Institute of Bioinformatics and Medical Engineering, Jiangsu University of Technology, Changzhou, Jiangsu, China.
School of Electrical and Information Engineering, Jiangsu University of Technology, Changzhou, Jiangsu, China.
Technol Health Care. 2023;31(S1):487-495. doi: 10.3233/THC-236042.
Protein-ligand binding affinity is of significant importance in structure-based drug design. Recently, the development of machine learning techniques has provided an efficient and accurate way to predict binding affinity. However, the prediction performance largely depends on how molecules are represented.
Different molecular descriptors are designed to capture different features. The study aims to identify the optimal circular fingerprints for predicting protein-ligand binding affinity with matched neural network architectures.

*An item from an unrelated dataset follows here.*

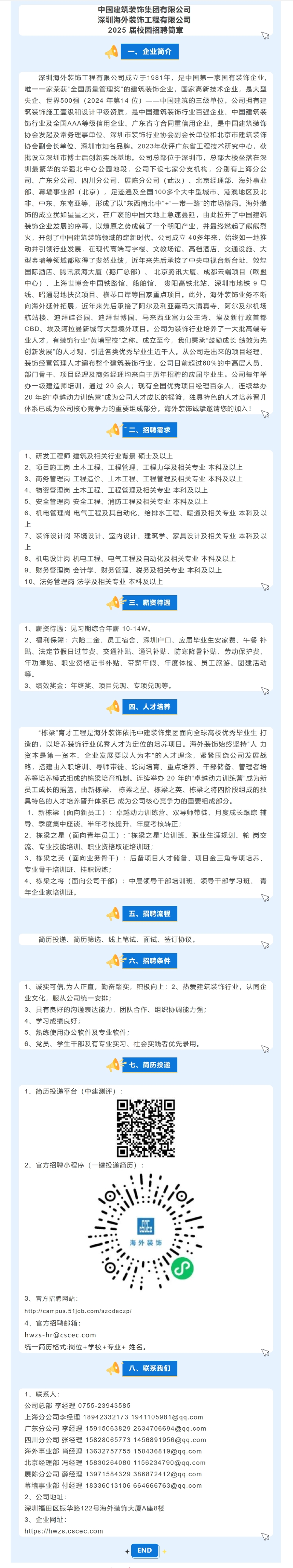 招聘[2024103]深圳海外装饰工程有限公司2025届校园招聘
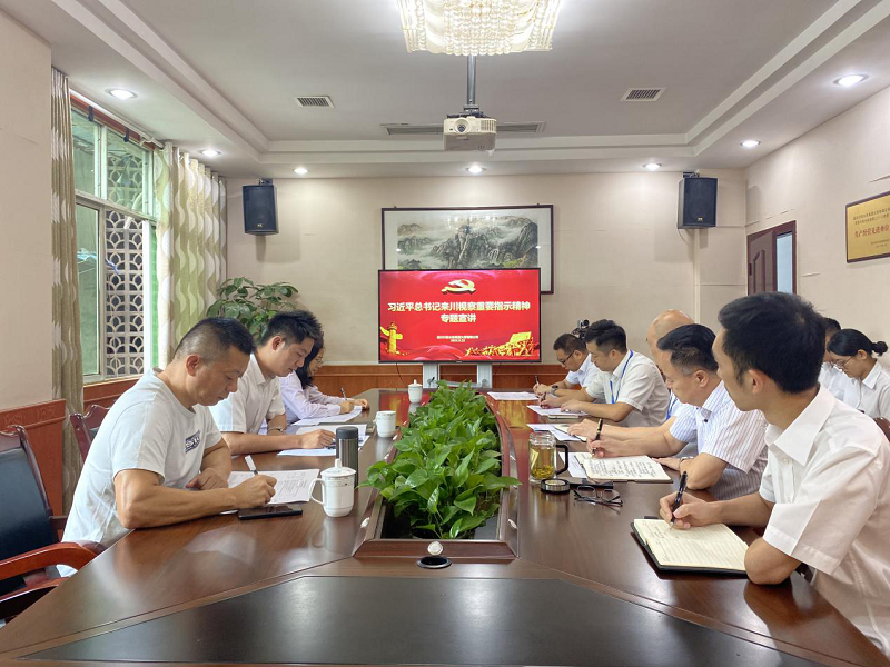 2023年9月22日上午,必赢242net官网副总经理谭卫鹏一行在大英公司办公楼四楼会议室开展“习近平总书记来川视察重要指示精神专题”宣讲工作。大英公司党支部书记、执行董事、总经理王文川,副总经理、工会主席王洪先,各部门负责人及员工共计20余人参加。

Extended-connectivity fingerprints (ECFP) and protein-ligand extended connectivity fingerprints (PLEC) encode circular atomic and bonding connectivity environments with the preference for intra- and inter-molecular features, respectively. Densely-connected neural networks are employed to map the circular fingerprints of protein-ligand complexes to binding affinitiesRESULTS:The performance of neural networks is sensitive to the parameters used for ECFP and PLEC fingerprints. The R2_score of the evaluated ECFP and PLEC fingerprints reaches 0.52 and 0.49, higher than that of the improperly set ECFP and PLEC fingerprints with R2_score of 0.45 and 0.38, respectively. Additionally, compared to the predictions from the standalone fingerprints, the ECFP+PLEC conjoint ones slightly improve the prediction accuracy with R2_score of approximately 0.55.
Both intra- and inter-molecular structural features encoded in the circular fingerprints contribute to the protein-ligand binding affinity. Optimizing the parameters of ECFP and PLEC can enhance performance. The conjoint fingerprint scheme can be generally extended to other molecular descriptors for enhanced feature engineering and improved predictive performance.
蛋白质-配体结合亲和力在基于结构的药物设计中具有重要意义。最近,机器学习技术的发展为预测结合亲和力提供了一种高效、准确的方法。然而,预测性能在很大程度上取决于分子的表示方式。
不同的分子描述符旨在捕捉不同的特征。本研究旨在确定最佳的圆形指纹,以使用匹配的神经网络架构预测蛋白质-配体结合亲和力。
扩展连接指纹(ECFP)和蛋白质-配体扩展连接指纹(PLEC)分别使用内部分子和分子间特征的偏好来编码圆形原子和键连接环境。密集连接神经网络用于将蛋白质-配体复合物的圆形指纹映射到结合亲和力上。
神经网络的性能对 ECFP 和 PLEC 指纹使用的参数敏感。评估的 ECFP 和 PLEC 指纹的 R2_score 分别达到 0.52 和 0.49,高于参数设置不当的 ECFP 和 PLEC 指纹的 R2_score(分别为 0.45 和 0.38)。此外,与来自独立指纹的预测相比,ECFP+PLEC 联合指纹略微提高了预测准确性,R2_score 约为 0.55。
圆形指纹中编码的内部分子和分子间结构特征都有助于蛋白质-配体结合亲和力。优化 ECFP 和 PLEC 的参数可以提高性能。联合指纹方案通常可以扩展到其他分子描述符,以进行增强的特征工程和提高预测性能。